Your calculation seems to be cutting the revenue in half along with the number of issues; in fact, revenue should stay the same (until you consider choice D, the only one that indicates revenue could decrease as a result of the plan.)
Let's address your concern about choice A by fixing the math.
Let's say the current situation is:
Number of subscribers = 100 people
Annual subscription price = $20
Number of issues annually: 6
Postage cost per issue = $1
Production cost per issue = $2
Current profit = 100 [($20) - (6 issues)($1/issue) - (6 issues)($2/issue)] = (100)($20-$6-$12) = $200
That means the situation under the new plan and considering choice A:
Number of subscribers = 100 people
Annual subscription price = $20
Number of issues annually:
3 (half of 6)
Postage cost per issue =
$1.33 (1/3 increase)
Production cost per issue = $2
Resulting profit = 100 [($20) - (3 issues)($1.33/issue) - (3 issues)($2/issue)] = (100)($20-$4-$6) =
$1000 (big increase)
No matter what numbers we chose, all non-postage costs will decrease by half, while the postage costs will decrease by half (half as many issues) then increase by 1/3 of the result (postage increase) for a final postage cost that is 2/3 of the current postage cost.

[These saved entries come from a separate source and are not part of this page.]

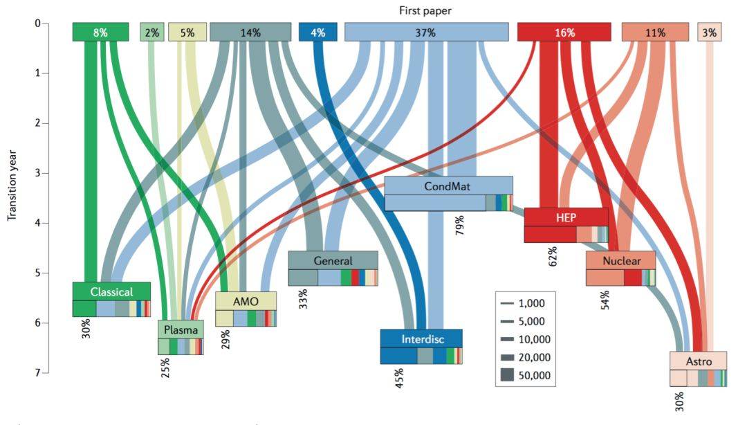 我们看到37%的物理学家第一篇论文发表在凝聚态物理领域,逐渐分化到跨学科物理,天体物理等领域。
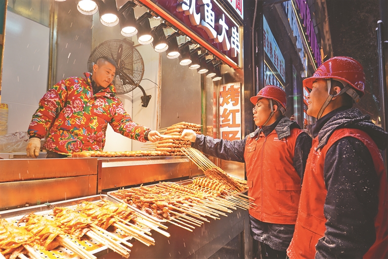 近日,国家电网黑龙江电力(李庆长)共产党员服务队副队长於炜人和队员刘晟阳走进中央大街步行街沿线餐饮商户,开展用电隐患排查及安全用电宣传,指导商户安全规范用电。“我们对旅游景区及商圈商户增加供电设备巡视频次,延伸供电服务,保障人民群众生产生活可靠用电。”於炜人说。
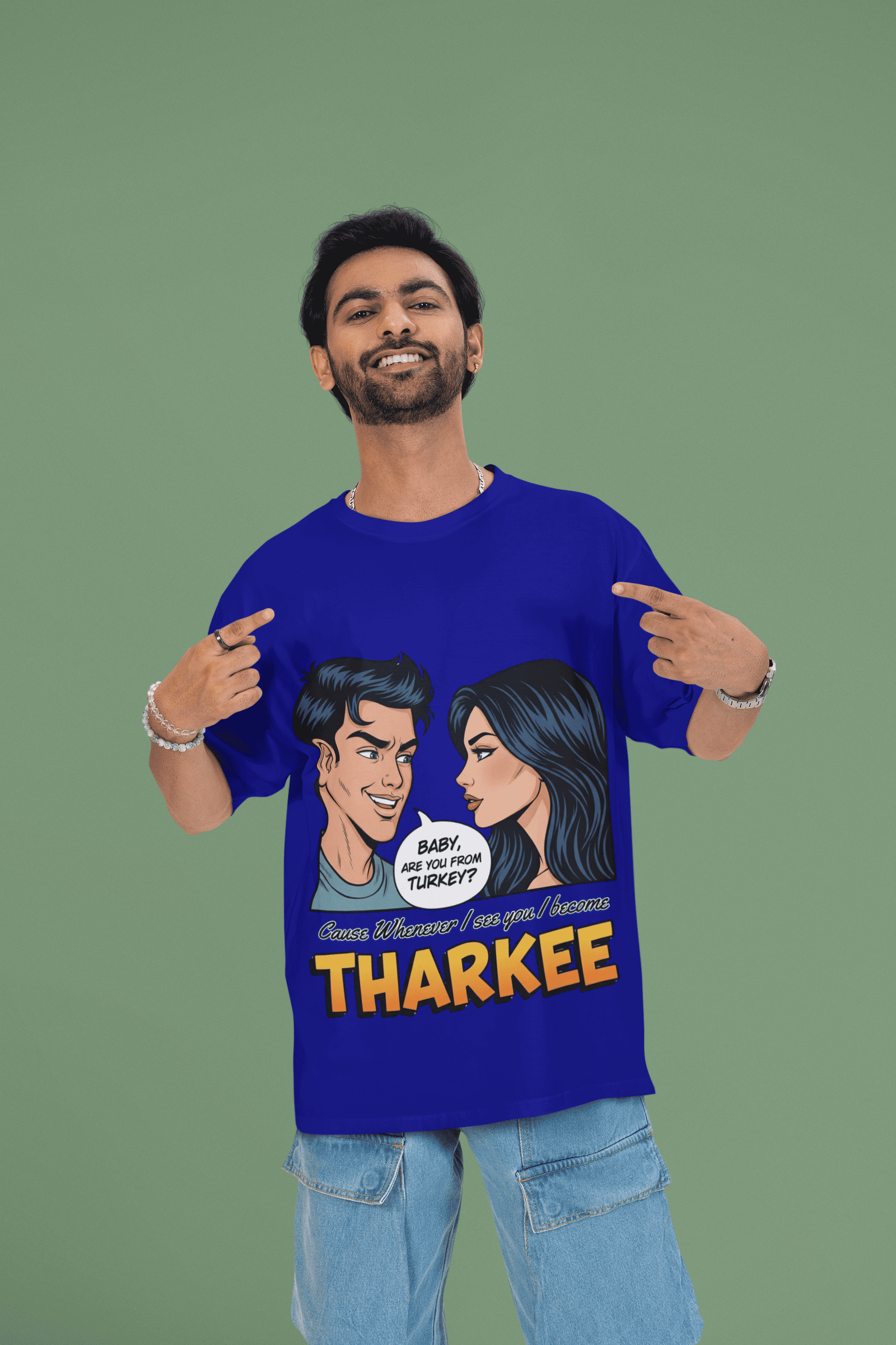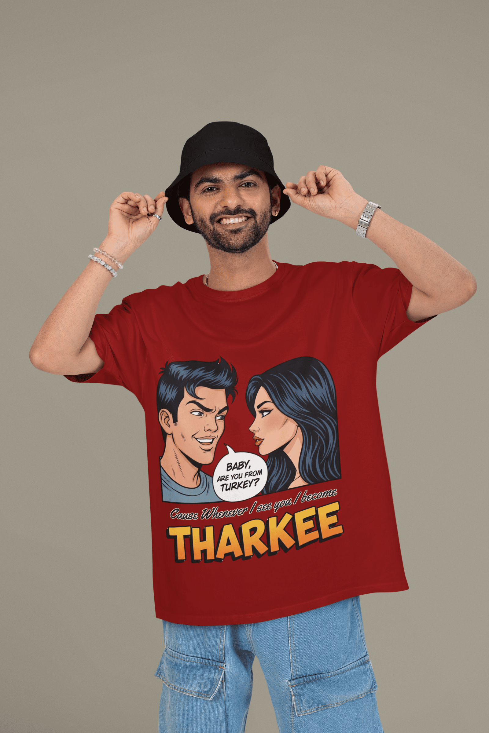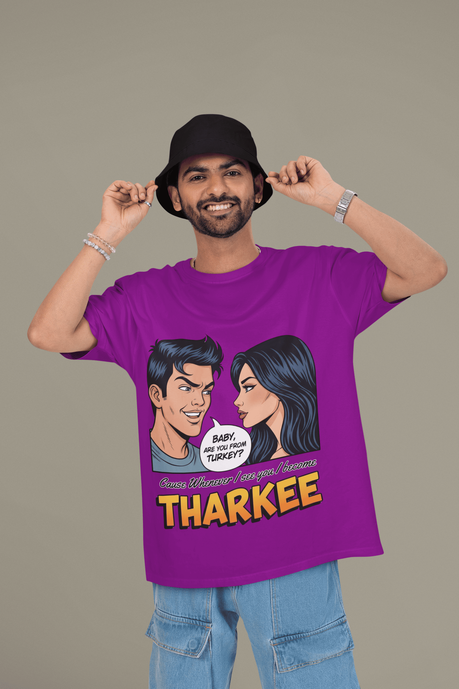Make a bold statement with our Men’s Tharkee T-Shirt featuring the hilarious desi pickup line: “BABY ARE YOU FROM TURKEY? Cause Whenever I see You, I Become THARKEE.” This funny oversized tee is perfect for guys who love turning heads, sparking laughs, and owning their humor in style.
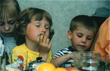 Speaking of dinner… as always, a room full of people and a table full of food! No one was more intent on a good meal than the kids. Well, unless Barons was stalking a late snack somwhere out back!
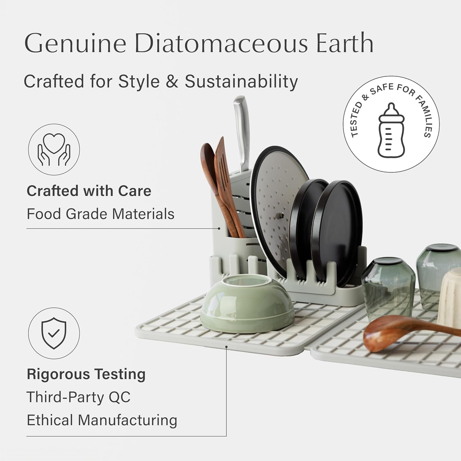 - FOOD-SAFE MATERIALS: Crafted from BPA-free, FDA-tested materials, this durable dish drying rack is dishwasher safe. The stone drying mat wipes clean effortlessly, giving you a modern, low-maintenance kitchen solution built for safe and long-lasting use.
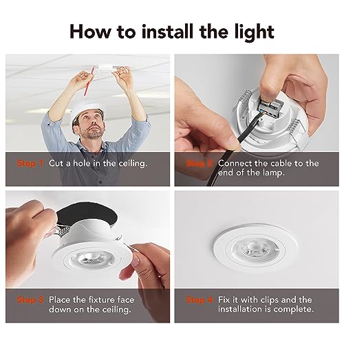 【Motivo consigliato】 Materiale plastico di alta qualità con buona dissipazione del calore, sicuro e mai arrugginito. Dimensioni del faretto da incasso: Esterno: Ø82mm / Profondità di installazione: 41mm / Intaglio del soffitto richiesto: Ø68-72mm, speriamo sempre che la più piccola apertura del soffitto possa ottenere il massimo e il miglior effetto della luce, cosa che continueremo a fare.
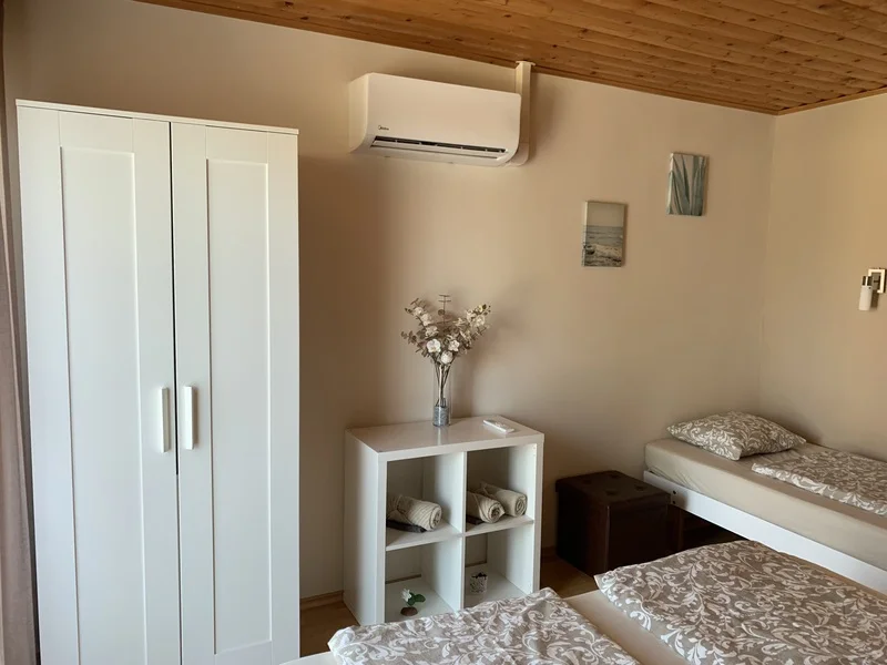 Kedves nyaralni vágyók! A Tom Apartman sok szeretettel várja nagyobb családok, baráti társaságok jelentkezését, Balatonlelle központjától csupán 900 méterre. A 2023-ban felújított szobákkal 6+2 fő részére kínálunk pihenési lehetőséget, csendes, nyugodt környezetben. A déli part egyik legkedveltebb homokos strandjától, a Napfény strand bejáratától 1400 méterre helyezkedik el, szabad strand 600 méterre található. 900 méteres körzetben található élelmiszerbolt, cukrászda, gyógyszertár, vasútállomás, buszmegálló, posta és a Sétáló utca. Az apartman a családi ház emeletén található, privát terasszal és külön bejárattal rendelkezik és az alábbi helyiségekből áll: - 3 hálószoba - nappali - konyha - WC - füdőszoba fürdőkáddal - fürdőszoba tusolóval és WC-vel A tulajdonos a földszinten lakik. Az apartman légkondicionált, televízió (33 csatorna) és korlátlan internet használata biztosított. Az apartman saját terasszal rendelkezik utcára és udvarra néző kilátással. Az udvarban van grillezési lehetőség. Magánparkoló díjmentesen használható a zárt udvarban, max. 2 gépkocsi részére. A fürdőszobában törölközőt (személyenként 1 db fürdőlepedőt és 1 db kistörölközőt), hajszárítót biztosítok a vendégeknek. A konyhában mikrohullámú sütő, kávéfőző, gáztűzhely sütővel, kombinált hűtőszekrény, mosogatógép, edények, poharak, tányérok, evőeszközök, vágódeszka, mosogatószivacs és mosogatószer rendelkezésre állnak. Babaágyat és etetőszéket nem tudok biztosítani. Az apartmanban dohányozni tilos! Sajnos kis kedvenceiket nem tudom fogadni. Főszezonban (2026. 06. 20. -2026. 08. 29. ) min. 5 éjszakás foglalás lehetséges. Elő- és utószezonban min. 3 éjszakás foglalásra van lehetőség. SZÉP kártyával történő fizetés lehetséges. Érkezéskor 50. 000 Ft vagyoni biztosíték fizetendő, ami károkozás hiányában a távozás napján maradéktalanul visszajár. Az árak tartalmazzák a klíma használatot, de nem tartalmazzák az idegenforgalmi adót. Foglalása 30% foglaló befizetésével válik véglegessé. A foglaló összege az érkezést megelőző 30 napon belüli lemondás esetén nem jár vissza. A fennmaradó szállásdíj a helyszínen, érkezeskor fizetendő. A szállás-szolgáltatás igénybevételéről szóló Szerződés meghatározott időtartamra szól. Ha a Vendég a meghatározott időtartam lejárta előtt véglegesen elhagyja a szálláshelyet, a Szolgáltató jogosult a Szerződésben kikötött szolgáltatás teljes ellenértékére. A lejárati idő előtt megüresedett szálláshelyet a Szolgáltató jogosult újra értékesíteni. Nyilvántartási szám: 931/2021 NTAK: MA21002803 Magánszálláshely Üdvözlettel: Boros Mariann és Bukovics Tamás
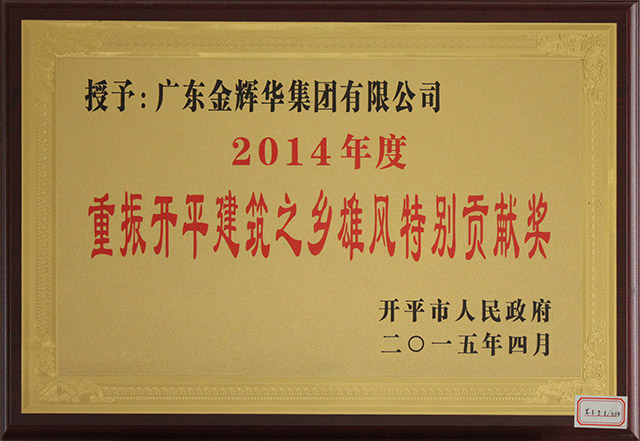 熱烈慶祝我公司榮獲重振開平建筑之鄉(xiāng)雄風(fēng)特別貢獻(xiàn)獎(jiǎng)
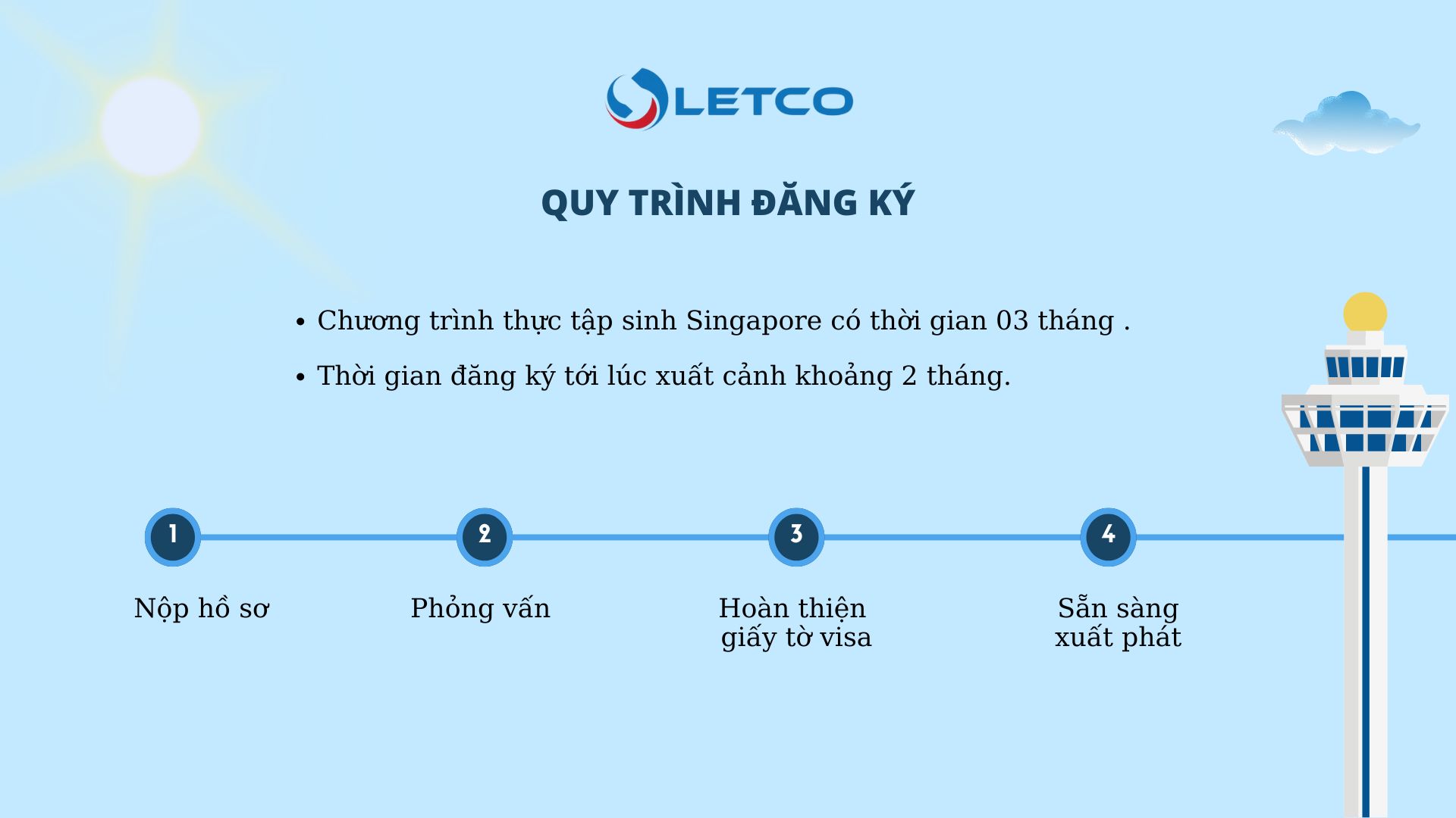 Thời gian từ khi đăng ký chương trình thực tập sinh Singapore đến khi xuất cảnh dự kiến khoảng 02 tháng. Trong thời gian này, LETCO sẽ đồng hành cùng sinh viên xuyên suốt các bước từ nộp hồ sơ, tham gia phỏng vấn trực tiếp với khách sạn hoặc doanh nghiệp tại Singapore, hoàn thiện giấy tờ và thủ tục xin visa cho đến khi sẵn sàng xuất cảnh. Quy trình rõ ràng, minh bạch và được hỗ trợ sát sao giúp sinh viên chủ động và an tâm khi tham gia chương trình.

rahul.gmat Wrote:One of the strategies in the study guide is to use real nos when statistics are given. That works perfectly here. Say 100 magazines were sold @ $10 each and postage was $3. Profit (including cost of producing also) is 100*10 - 100*3 = $700. Increase of a third in postage means it is now $4 and no of copies is halved, therefore profit is 50*10 - 50*4 = $300. This makes (A) a very strong answer. (D) says advertising cost/issue will be the same, that dosent change anything, that only means an obviously lesser proportional profit. Cost of printing, postage also reduce proportionally, so do the advertising revenues so its obvious that there will be proportional decrease in total profit but keeping the profit % same. With (A) profit decreases drastically and not proportionally. In fact (A) makes the conclusion that profits will be maximized coz it eliminates the possibility that advertisers are not drastically reducing rates due to lesser subscription. Can you please elaborate?